A full, exact copy of the listing is needed, with images omitted.

Supplied information:

※ ※ ※

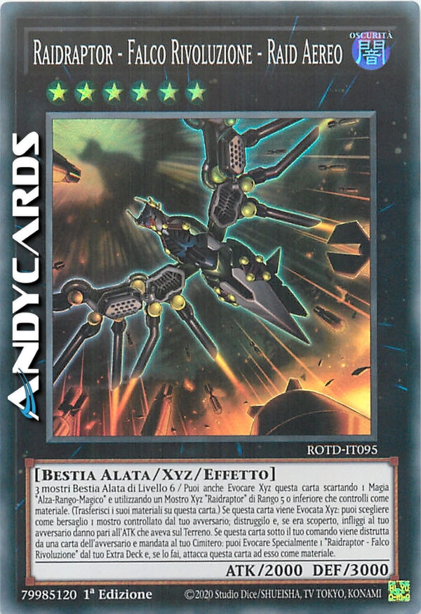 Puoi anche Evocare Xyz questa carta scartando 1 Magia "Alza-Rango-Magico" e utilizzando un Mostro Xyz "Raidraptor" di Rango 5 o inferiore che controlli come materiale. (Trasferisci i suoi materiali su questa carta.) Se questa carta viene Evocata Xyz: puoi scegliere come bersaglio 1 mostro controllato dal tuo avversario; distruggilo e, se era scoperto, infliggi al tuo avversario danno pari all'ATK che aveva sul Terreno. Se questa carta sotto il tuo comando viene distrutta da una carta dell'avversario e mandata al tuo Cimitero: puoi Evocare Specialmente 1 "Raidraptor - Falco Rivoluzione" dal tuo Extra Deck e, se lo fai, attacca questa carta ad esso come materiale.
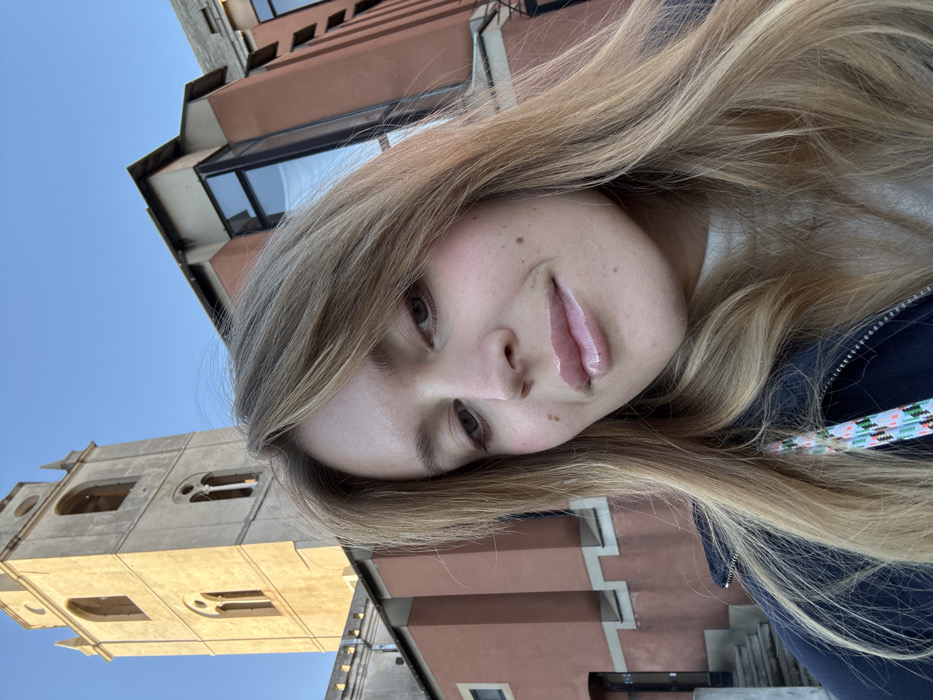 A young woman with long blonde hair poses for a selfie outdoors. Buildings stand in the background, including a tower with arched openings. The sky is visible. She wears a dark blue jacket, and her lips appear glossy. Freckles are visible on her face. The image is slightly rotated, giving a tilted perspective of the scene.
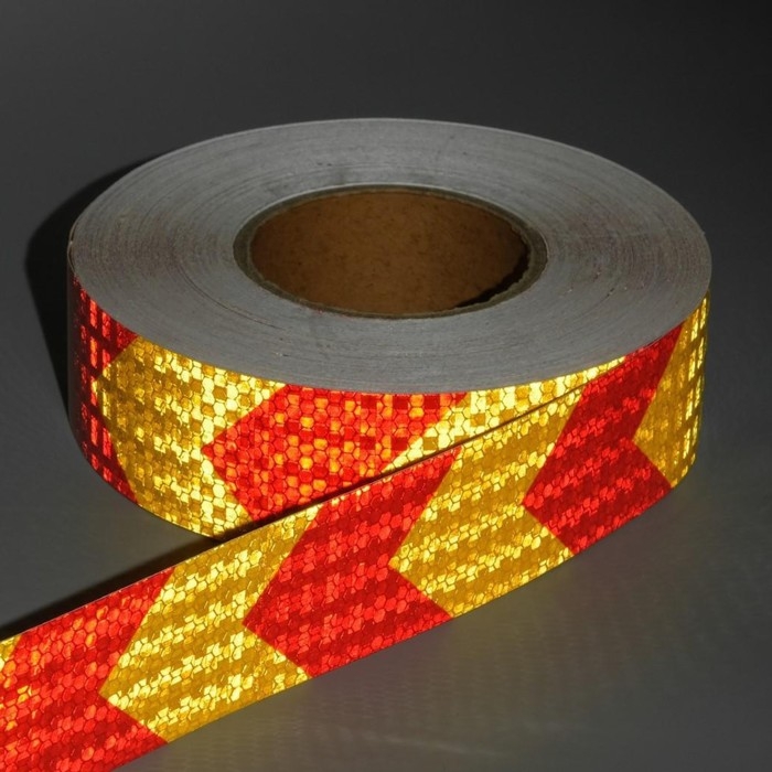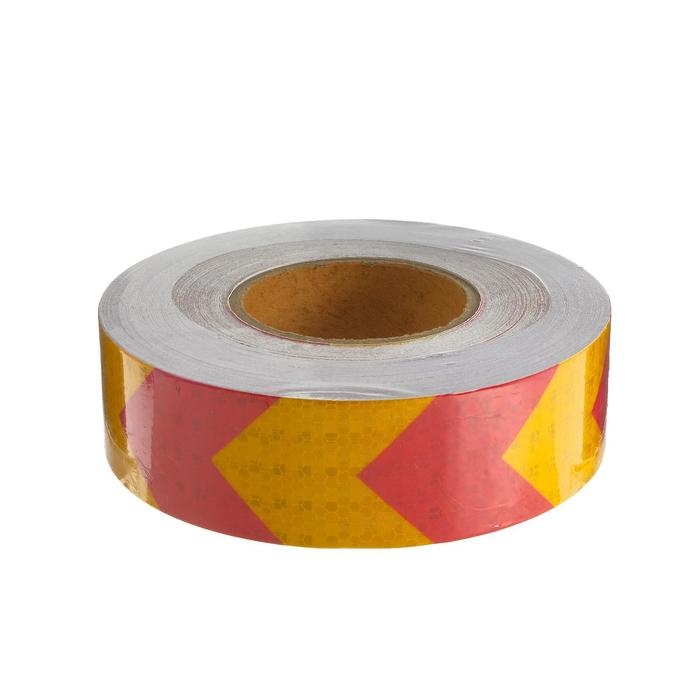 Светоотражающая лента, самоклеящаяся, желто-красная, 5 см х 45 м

※ ※ ※

Answer section:
 Puoi anche Evocare Xyz questa carta scartando 1 Magia "Alza-Rango-Magico" e utilizzando un Mostro Xyz "Raidraptor" di Rango 5 o inferiore che controlli come materiale. (Trasferisci i suoi materiali su questa carta.) Se questa carta viene Evocata Xyz: puoi scegliere come bersaglio 1 mostro controllato dal tuo avversario; distruggilo e, se era scoperto, infliggi al tuo avversario danno pari all'ATK che aveva sul Terreno. Se questa carta sotto il tuo comando viene distrutta da una carta dell'avversario e mandata al tuo Cimitero: puoi Evocare Specialmente 1 "Raidraptor - Falco Rivoluzione" dal tuo Extra Deck e, se lo fai, attacca questa carta ad esso come materiale.
 A young woman with long blonde hair poses for a selfie outdoors. Buildings stand in the background, including a tower with arched openings. The sky is visible. She wears a dark blue jacket, and her lips appear glossy. Freckles are visible on her face. The image is slightly rotated, giving a tilted perspective of the scene.
 Светоотражающая лента, самоклеящаяся, желто-красная, 5 см х 45 м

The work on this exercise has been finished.